▸ Problem details: Reproduce from the records below, with no pictures, exactly the lines between the one containing "311窄谱UVB是一种新型的" and the one containing "Este é o espaço", inclusive.

▸ Supplied data:

★ ★ ★ ★

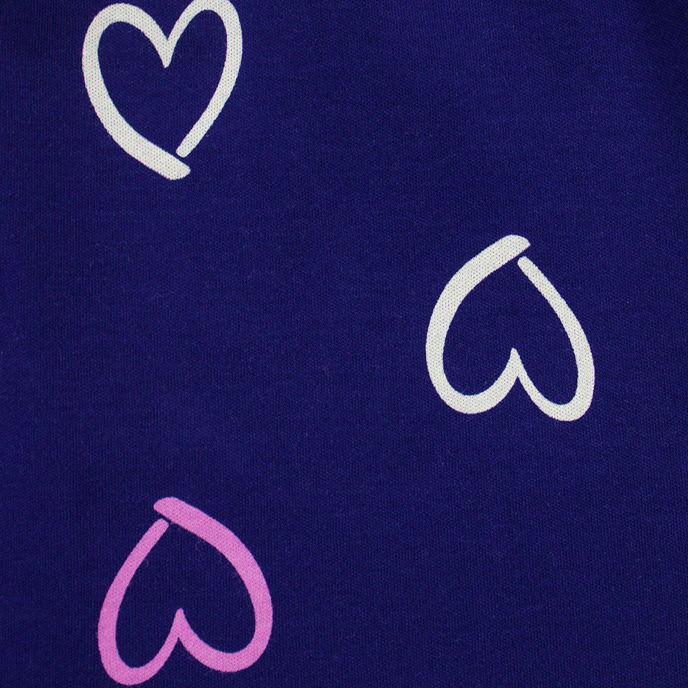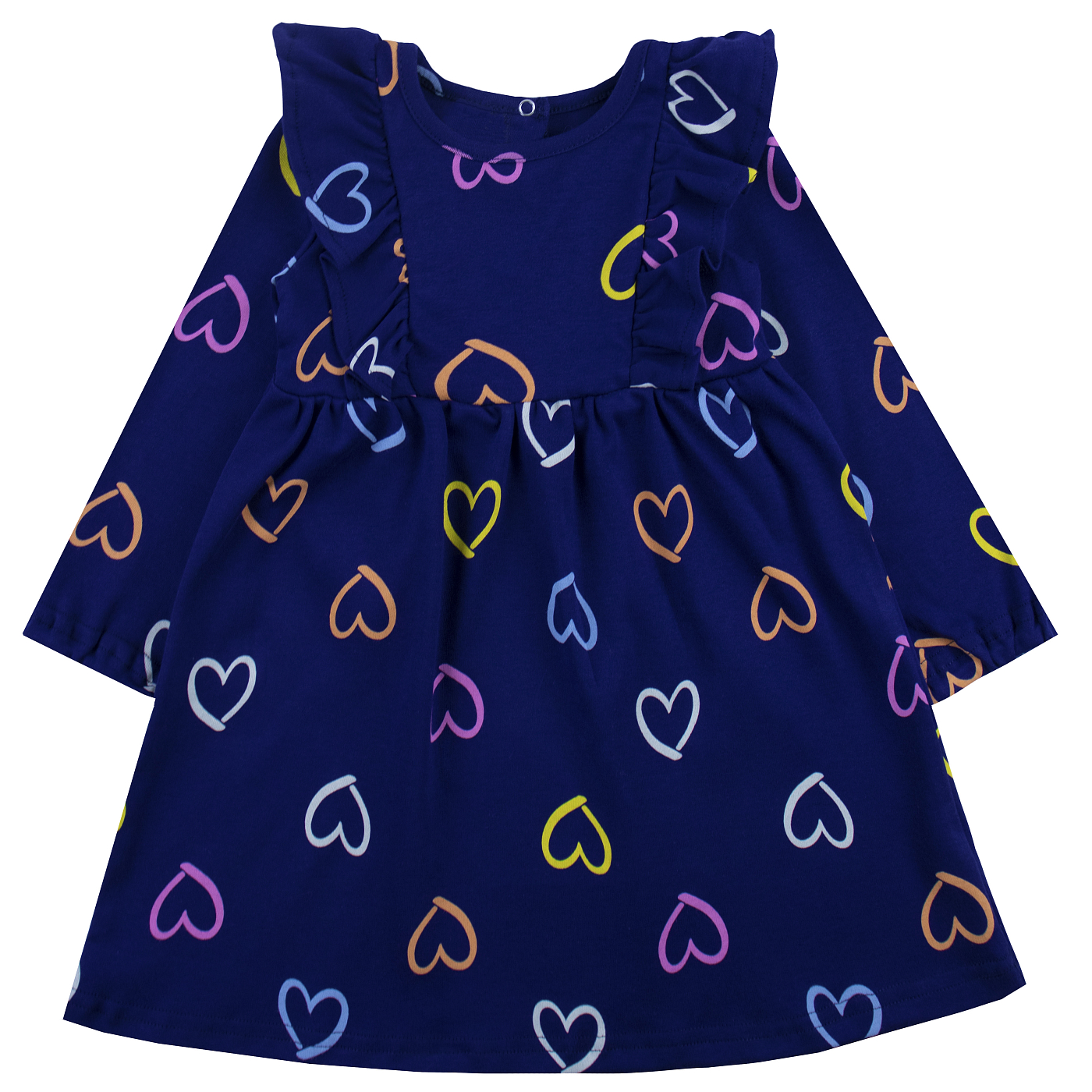 Платье с длинными рукавами для девочки синего цвета с рисунком сердечки. Изготовлено из ткани интерлок 100% хлопок. Платье отрезное ниже линии талии.
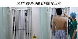 311窄谱UVB是一种新型的针对银屑病的治疗系统。通过某一波长的紫外线照射皮损,产生光化学反映或调节免疫反应等作用,从而达到治疗某些顽固皮肤病的目的。
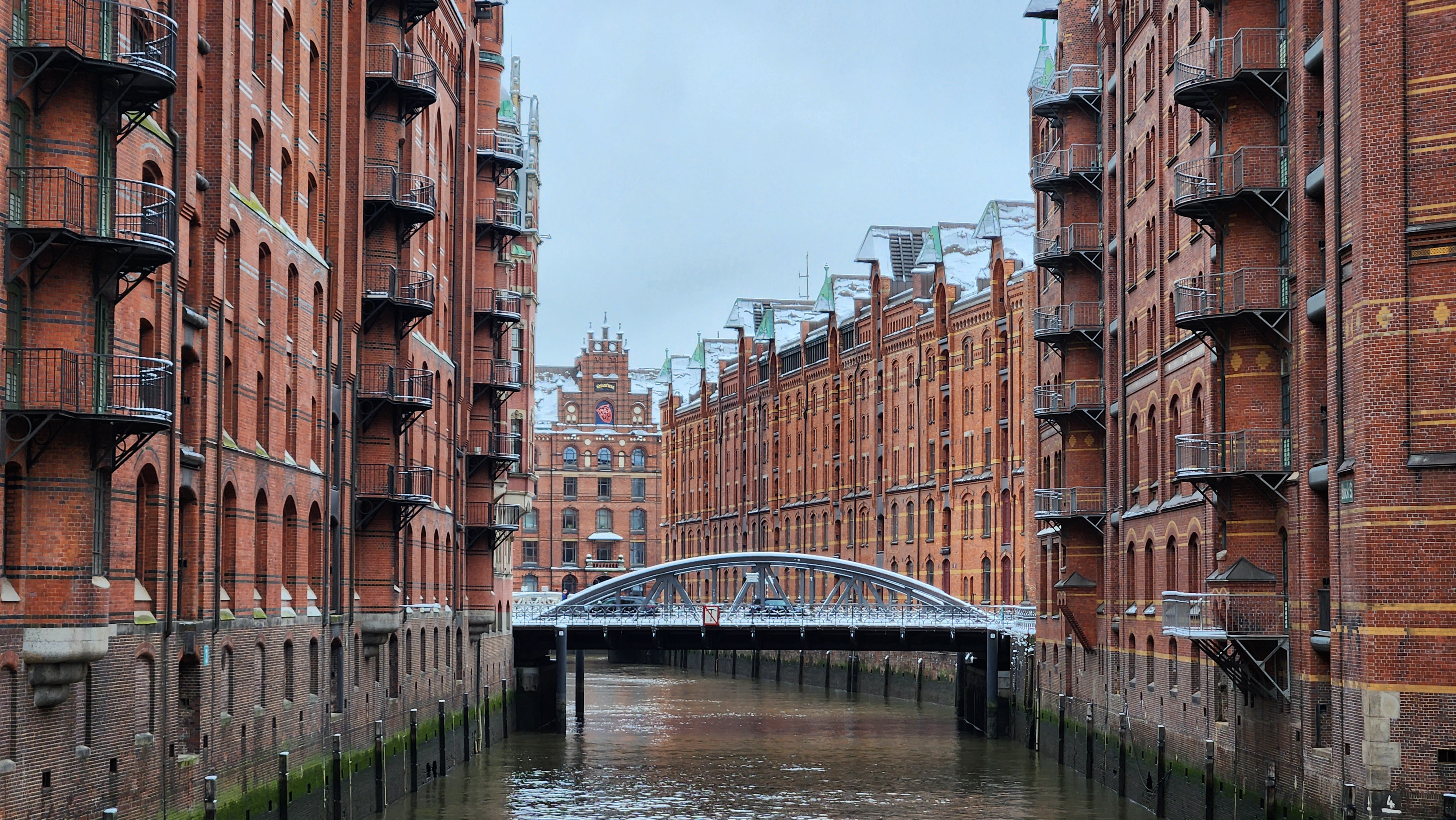 운하를 따라 커다란 나무가 줄지어 심겼고, 나뭇가지에 소복히 눈이 내려앉았다. 붉은 벽돌과 새하얀 눈이 너무 잘 어울렸다.
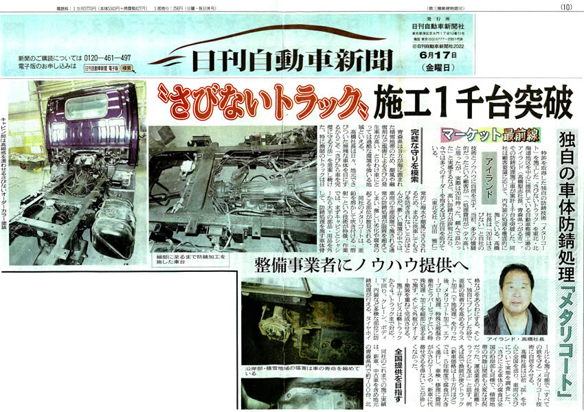 2022年6月17日、日刊自動車新聞社発行の日刊自動車新聞に掲載されました。
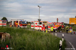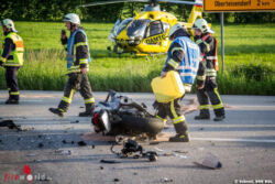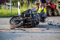 TEISENDORF (BAYERN): Kurz nach 19.30 Uhr ist am 2. Juni 2015 ein VW-Golf beim Links-Abbiegen von der Kreisstraße BGL12 in die B304 bei Teisendorf mit einem Motorradfahrer zusammengestoßen, der mit seiner Suzuki von Freilassing kommend in Richtung Traunstein fuhr. Das Krad prallte in die Fahrerseite des Pkw, wobei der 28-jährige Biker aus dem Landkreis Traunstein stürzte und nach erster Einschätzung des Roten Kreuzes schwer verletzt wurde; die drei Insassen des Autos kamen alle leicht verletzt davon.
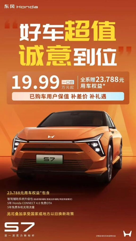 如果说26万元的S7,可以被贴上“定价傲慢”“脱离市场”的标签。那么调价之后更加合理的全新价格,和兄弟车型“同价同权益”,则是本田再一次理解中国市场,积极且勇于加入新能源竞争的一次尝试。
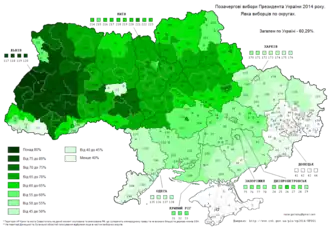 Наиболее высокая явка наблюдалась в западных и центральных областях Украины (без восьми юго-восточных областей), где она составила 67,15 %. Самой низкой стала явка жителей шести юго-восточных (без Донецкой и Луганской) областей Украины — 50,72 %. В Донецкой и Луганской областях голосование было ограничено в связи с позицией руководства самопровозглашённых Донецкой Народной Республики и Луганской Народной Республики[15] и идущего с апреля 2014 года вооружённого конфликта на территории этих областей.
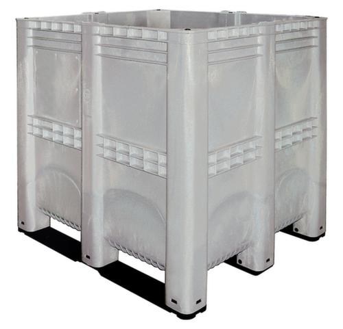 Die wichtigsten Maße des Megabehälters auf einen Blick:Aus schlagfestem Polyethylen in grau. Das Lagergut lässt sich durch die geschlossenen Wände vor Staub geschützt lagern und der Behälter lässt sich leicht reinigen, mit Verstärkungsrippen. Zur einfachen Reinigung ist der Boden geschlossen. Für das einfache Versetzen und Einfahren mit einem Stapler sorgen die Kufen. 7-fach stapelbar. Um den Behälter, auch gefüllt, versetzen zu können, ist er mit Hubgeräten unterfahr- und transportierbar. Mit einem Stapler kann man ihn zur erleichterten Entleerung kippen. Lebensmittelgeeignet. Temperaturbeständig von -40 °C bis +60 °C.
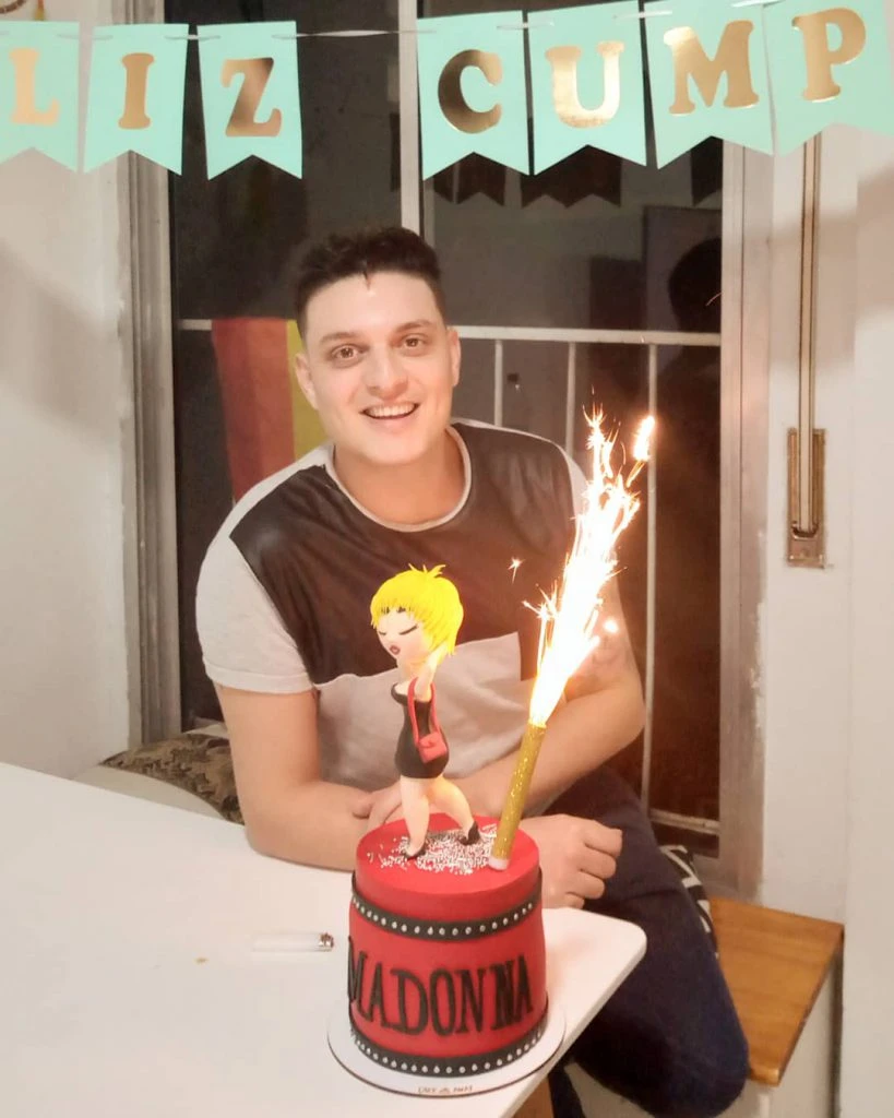 Lejos del escándalo, uno de los participantes que está en la semifinal del reality pastelero, Damián Pier Basile cumplió años en cuarentena y una de sus compañeras y amiga, Agustina Guz, le envió una espectacular torta de Madonna.
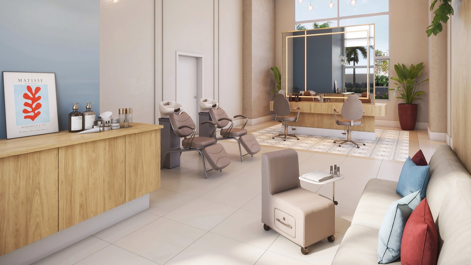 Este é o espaço dedicado a cuidar da aparência e da beleza, com toda a infraestrutura para fazer cabelo, unha, barba e maquiagem.
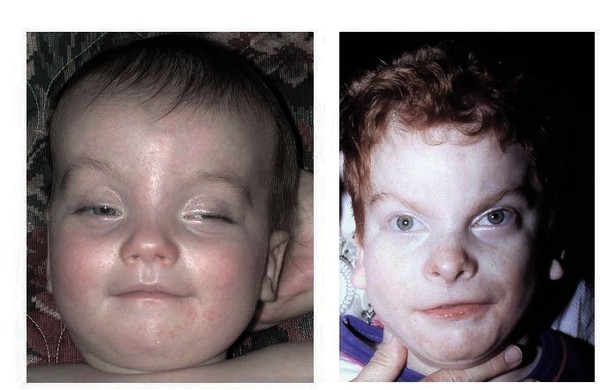 People with Miller-Dieker syndrome often have distinctive facial features that include a prominent forehead; a sunken appearance in the middle of the face (midface hypoplasia
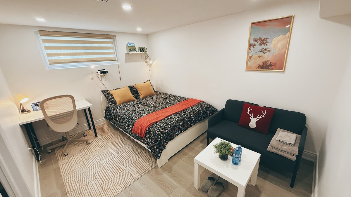 トロントのアップタウン中心部にあるバサーストマナーの改装済み1ベッドルームの地下スイートへようこそ! ビジネスやレジャーでトロントに来るカップルやおひとりさまに最適です。 バス停まで徒歩1分。 シェパード・ウェスト駅まで徒歩10分。 高速道路401号線を経由してピアソン空港まで車で12分。 ヨークデールとヨーク大学から数分 専用玄関、専用バスルーム、パスコードを使用した柔軟なセルフチェックイン時間。 公園、レストラン、ハンバー病院、ダウンズビューパークに近い
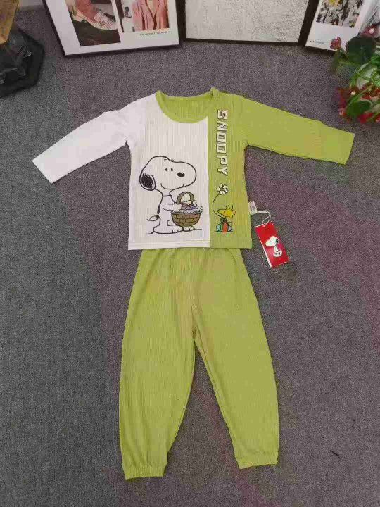 品牌童装长袖家居服套装,数量1000套左右,尺码90--150,整款单色两个品牌(史努比、baby),可分品牌出,独立包装带吊牌,货品整洁质佳
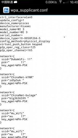3、最后我們再在wifi目錄里找到wpa_supplicant.conf文件,然后使用文本查看器打開查看,在這里變即可查看到所有之前我們手機連接過的Wifi密碼,如下圖所示:

★ ★ ★ ★

▸ Answer to the problem:
 311窄谱UVB是一种新型的针对银屑病的治疗系统。通过某一波长的紫外线照射皮损,产生光化学反映或调节免疫反应等作用,从而达到治疗某些顽固皮肤病的目的。
 운하를 따라 커다란 나무가 줄지어 심겼고, 나뭇가지에 소복히 눈이 내려앉았다. 붉은 벽돌과 새하얀 눈이 너무 잘 어울렸다.
 2022年6月17日、日刊自動車新聞社発行の日刊自動車新聞に掲載されました。
 TEISENDORF (BAYERN): Kurz nach 19.30 Uhr ist am 2. Juni 2015 ein VW-Golf beim Links-Abbiegen von der Kreisstraße BGL12 in die B304 bei Teisendorf mit einem Motorradfahrer zusammengestoßen, der mit seiner Suzuki von Freilassing kommend in Richtung Traunstein fuhr. Das Krad prallte in die Fahrerseite des Pkw, wobei der 28-jährige Biker aus dem Landkreis Traunstein stürzte und nach erster Einschätzung des Roten Kreuzes schwer verletzt wurde; die drei Insassen des Autos kamen alle leicht verletzt davon.
 如果说26万元的S7,可以被贴上“定价傲慢”“脱离市场”的标签。那么调价之后更加合理的全新价格,和兄弟车型“同价同权益”,则是本田再一次理解中国市场,积极且勇于加入新能源竞争的一次尝试。
 Наиболее высокая явка наблюдалась в западных и центральных областях Украины (без восьми юго-восточных областей), где она составила 67,15 %. Самой низкой стала явка жителей шести юго-восточных (без Донецкой и Луганской) областей Украины — 50,72 %. В Донецкой и Луганской областях голосование было ограничено в связи с позицией руководства самопровозглашённых Донецкой Народной Республики и Луганской Народной Республики[15] и идущего с апреля 2014 года вооружённого конфликта на территории этих областей.
 Die wichtigsten Maße des Megabehälters auf einen Blick:Aus schlagfestem Polyethylen in grau. Das Lagergut lässt sich durch die geschlossenen Wände vor Staub geschützt lagern und der Behälter lässt sich leicht reinigen, mit Verstärkungsrippen. Zur einfachen Reinigung ist der Boden geschlossen. Für das einfache Versetzen und Einfahren mit einem Stapler sorgen die Kufen. 7-fach stapelbar. Um den Behälter, auch gefüllt, versetzen zu können, ist er mit Hubgeräten unterfahr- und transportierbar. Mit einem Stapler kann man ihn zur erleichterten Entleerung kippen. Lebensmittelgeeignet. Temperaturbeständig von -40 °C bis +60 °C.
 Lejos del escándalo, uno de los participantes que está en la semifinal del reality pastelero, Damián Pier Basile cumplió años en cuarentena y una de sus compañeras y amiga, Agustina Guz, le envió una espectacular torta de Madonna.
 Este é o espaço dedicado a cuidar da aparência e da beleza, com toda a infraestrutura para fazer cabelo, unha, barba e maquiagem.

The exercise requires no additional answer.